Ossos na parte superior do braço, coxa ou panturrilha podem ter um aspecto arqueado e correm um risco maior de fratura, porque o osso está enfraquecido pela doença de Paget. As vértebras podem aumentar de tamanho, sofrer colapso ou ambos, porque os ossos afetados pela doença de Paget são fracos. Vértebras enfraquecidas poderiam resultar em perda de altura, postura curvada ou no pinçamento de nervos da medula espinhal, causando dor, dormência ou fraqueza.

Diagnóstico

  • Radiografias

  • Exames de sangue

  • Cintilografia óssea

A doença de Paget é, muitas vezes, descoberta acidentalmente, quando radiografias ou exames laboratoriais são realizados por outras razões. Caso contrário, a suspeita diagnóstica da doença de Paget tem como base os sintomas e o exame físico.

O diagnóstico da doença de Paget do osso pode ser confirmado por radiografias mostrando as alterações características da doença de Paget e através de um exame laboratorial para determinar os níveis sanguíneos de fosfatase alcalina (uma enzima envolvida na formação óssea), cálcio e fosfato.

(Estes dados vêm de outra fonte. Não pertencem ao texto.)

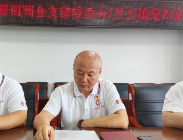 2024年7月29日,淄博市晋商商会(晋商俱乐部联合发起机构)党支部召开学习6月18日习近平对防汛抗旱工作作出重要指示及中共中央组织部印发《关于在防汛救灾抢险中充分发挥基层党组织战斗堡垒作用和广大党员先锋模范作用的通知》。商会党支部书记师志刚、会长李斌、执行会长康磊、党员耿东海,积极分子薛辉、杨鑫,理事晋晖、孟威,会员吉凌峰参加活动。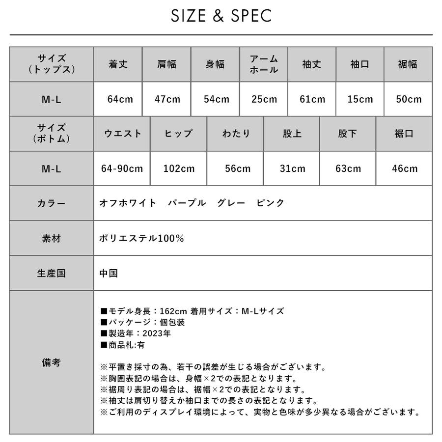 ボトム:ウエスト64-90 ヒップ102 ワタリ56 股上31 股下63 裾口46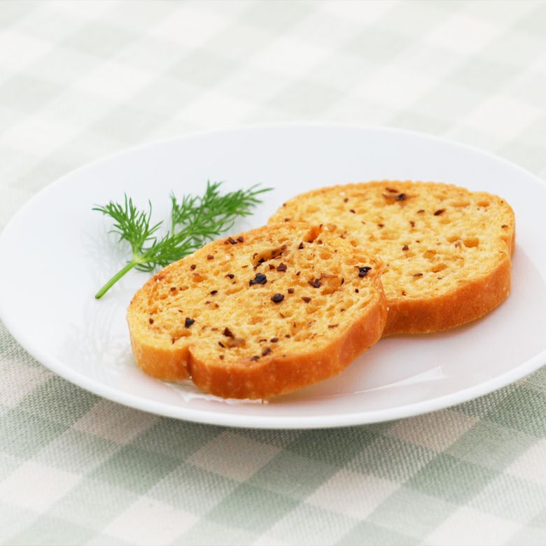 原材料名 パン(小麦粉、マーガリン、その他)(国内製造)、ショートニング、魚介エキス、黒オリーブ、ケーパー、ガーリックパウダー/調味料(アミノ酸等)、酸化防止剤(V.E、V.C)、香料、グルコン酸鉄、カロテン色素、(一部に乳成分、小麦、大豆を含む)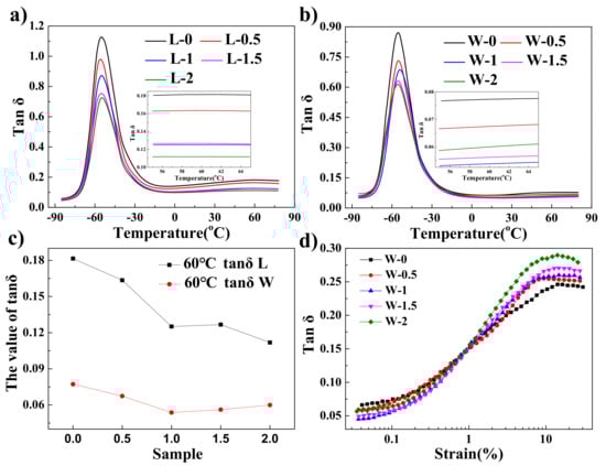 The dynamic mechanical properties of the 60SiO2/rGO/NR composites are shown in Figure 8. The values of tan δ were evaluated by the constant strain mode, and the constant temperature mode for the WCL and LMTM composites are shown in Figure 8a,b, respectively. The addition of rGO causes the reduction of maximum values of tan δ of the composites in both WCL and LMTM methods. This is attributed to the physical and chemical adsorption of interaction on the rubber chain on the surface of the filler, which reduces the chain mobility [37,38]. The Tg of the composites increases slightly with the addition of rGO into the rubber matrix made by WCL method. This suggests that the graphene can disperse well in the silica/rubber matrix made by the WCL method. After adding rGO, the Tg of the composites prepared by the WCL method increases slightly, indicating that graphene has a certain interaction with the rubber molecular chain, which is the result of good dispersion of graphene in the rubber matrix.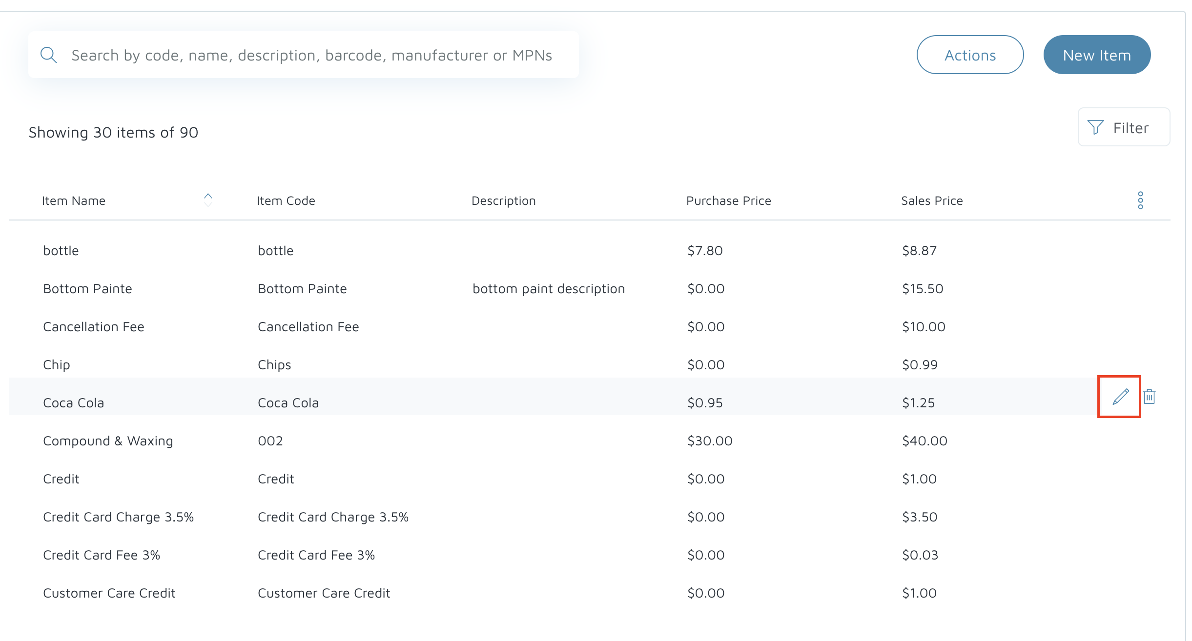 - Find the desired inventory item to edit (use the search bar in the top left corner if needed).

A cintilografia óssea (uma varredura com radionuclídeo usando tecnécio) revela quais ossos estão afetados.

Prognóstico

O prognóstico para as pessoas com a doença de Paget é, na maioria das vezes, muito bom. No entanto, as poucas pessoas que desenvolvem câncer ósseo têm um prognóstico reservado. As pessoas que desenvolvem outras complicações raras, como insuficiência cardíaca ou compressão da medula espinhal, também podem ter um prognóstico reservado, a menos que o tratamento dessas complicações seja oportuno e bem-sucedido.

Tratamento

  • Tratamento da dor e complicações

  • Bifosfonatos

Uma pessoa com a doença de Paget necessita tratamento se os sintomas causarem desconforto ou se houver risco significativo de complicações, como perda auditiva, osteoartrite e deformidade. Pode não ser necessário tratar pessoas que não apresentam sintomas.

Os analgésicos comumente usados, ​​como paracetamol e anti‑inflamatórios não esteroides (AINEs), ajudam a reduzir a dor óssea. Se uma perna se torna arqueada e encurtada, elevadores de calcanhar podem ajudar a facilitar o caminhar. Às vezes, é necessário realizar uma cirurgia para aliviar a compressão de nervos ou para substituir uma articulação que se tornou artrítica devido à doença de Paget.

Bifosfonatos são medicamentos que inibem o turnover ósseo. Um dentre os vários bifosfonatos existentes – alendronato, etidronato, pamidronato, risedronato, tiludronato ou zoledronato – pode ser usado para retardar a progressão da doença de Paget. Exceto o pamidronato e o zoledronato, que normalmente são administrados pela veia (via intravenosa), esses medicamentos são administrados por via oral. Esses medicamentos são indicados para o seguinte:

  • Antes da cirurgia ortopédica para impedir ou reduzir a hemorragia durante a cirurgia

  • Para tratar a dor causada pela doença de Paget

  • Para impedir ou retardar a progressão de complicações (como perda auditiva, deformidade óssea, artrite, fraqueza ou paralisia), especialmente em pessoas que não podem se submeter a cirurgia

  • Para pessoas com um nível sanguíneo de fosfatase alcalina igual ou superior a duas vezes o nível normal

A calcitonina ocasionalmente é injetada sob a pele ou no músculo. Ela não é tão eficaz como os bifosfonatos e é usada apenas quando os outros medicamentos não podem ser administrados. Denosumabe pode ser outra alternativa para pessoas que não podem tomar bifosfonatos.

Os médicos incentivam o suporte do peso corporal (como ficar de pé e caminhar). Repouso excessivo no leito (exceto para dormir à noite) deve ser evitado, se possível, para evitar a hipercalcemia.

Como o osso está sendo remodelado rapidamente, as pessoas precisam consumir quantidades adequadas de cálcio e vitamina D em sua dieta. A vitamina D ajuda o corpo a absorver cálcio levando esse cálcio aos ossos (um processo chamado de mineralização óssea). Suplementos de vitamina D e cálcio são frequentemente necessários. Caso contrário, pode ocorrer uma mineralização óssea inadequada e enfraquecimento ósseo (osteomalácia).